Becoming a legal assistant with Legal Aid, he resumed his education at a community college. He went to work with the National Lawyers Guild, an organization of activist lawyers working within the legal system, and became a law clerk at Lindsay Hart, a Portland firm that supported politically and socially active lawyers.

“One day I decided that what the world really needed was another white, male, Jewish lawyer,” Bob said with his inveterate sense of humor.

After completing his undergraduate degree at Portland State University, he earned his JD from Lewis and Clark Law School and passed the bar exam in 1983. When he was admitted to practice in federal court the next year, Judge Gus Solomon presided over the occasion.

During his first year of law school, Bob met Karen Erde, a Portland physician. They married and had three children, Josh, Theo, and Nate Erde-Wollheim. Bob and Karen divorced in 2010, but remained close.

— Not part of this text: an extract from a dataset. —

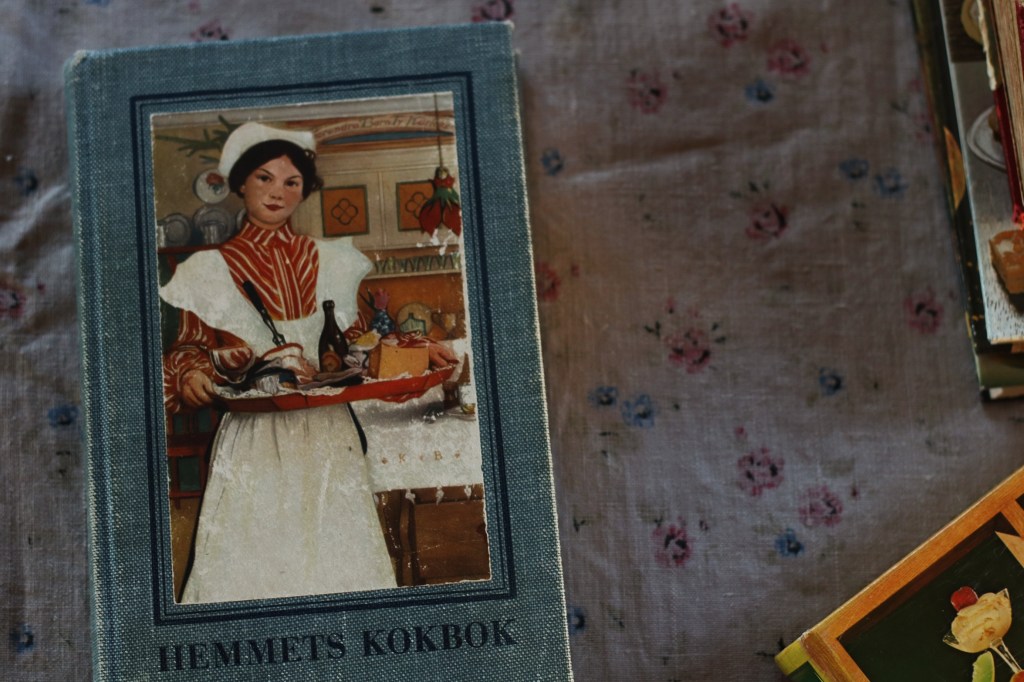 Jag älskar kokböcker, och går aldrig förbi den hyllan när jag är på loppis. Framförallt är det de allra äldsta böckerna som jag dras till, som är slitna, använda och innehåller recept utan bilder och egentligen utan några längre instruktioner, som det var förr. Men jag plockar också på min 70-tals böcker, eller sådana som har speciella inriktningar. Så detta har ju lett till att jag fått ett par stycken i min samling, så att säga.

Karen and their children survive Bob, as does attorney and mystery writer Val Bruech, whose companionship Bob enjoyed late in life.

Bob focused his law practice on advocacy for people pursuing workers’ compensation, personal injury, and Social Security disability claims. Believing Oregon’s prosperity was built “largely on the backs of working people,” he wanted to ensure their claims for benefits were heard. In addition to community service, he did pro bono work and was a board member of the AFL-CIO Labor’s Community Services Agency and Multnomah County Legal Aid Services. He supported the Willamette Valley Law Project (PCUN), an affiliate of Oregon’s largest Latino union, and the Campaign for Equal Justice, which champions access to justice for low-income Oregonians. Bob participated in many organizations and programs designed to increase the diversity of the Oregon bench and bar.

After years of private practice and community activism, in 1998 Bob was appointed by Governor John Kitzhaber to the Oregon State Court of Appeals. He won election later that year and reelection in 2004 and 2010.

At Bob’s retirement in 2014, Rick Haselton, then chief judge of the Court of Appeals, praised Bob’s opinions (there were more than 500), saying, “Because of Bob’s inimitable eloquence and penchant for plain speaking, many have been memorable in ways that so few of our pathologically impersonal renderings ever are.” Haselton marveled at the high rate of cases in which the Oregon Supreme Court agreed with Bob’s dissents and reversed the appellate court. He deemed Bob “the great, generous, humane heart of the Oregon Court of Appeals,” for whom “it has always, always been about people.” 

The Willamette Valley Law Project honored him in 1998, declaring, “We consider Bob a ‘People’s Judge,’ demonstrated by his tireless advocacy for workers, including farm workers. We know and trust that workers’ voices will be heard across Oregon’s judiciary because Bob will insist on it.” In 2007 Bob was awarded a Lifetime Achievement Award for community contributions and dedicated service during the Keep Alive the Dream tribute to Dr. Martin Luther King Jr. Li Re, former chair of the Oregon Minority Lawyers Association, praised Bob’s consistent and unconditional support of law students and lawyers from diverse and underrepresented backgrounds. “When he was invited, he showed up with no agenda of his own,” Re said. “He mentored us. He hired us. He lifted us up.”

Bob was our awesomely accomplished, brave, cherished forever friend. We mourn his passing and celebrate his life. —Contributed by Patricia Mapps ’70.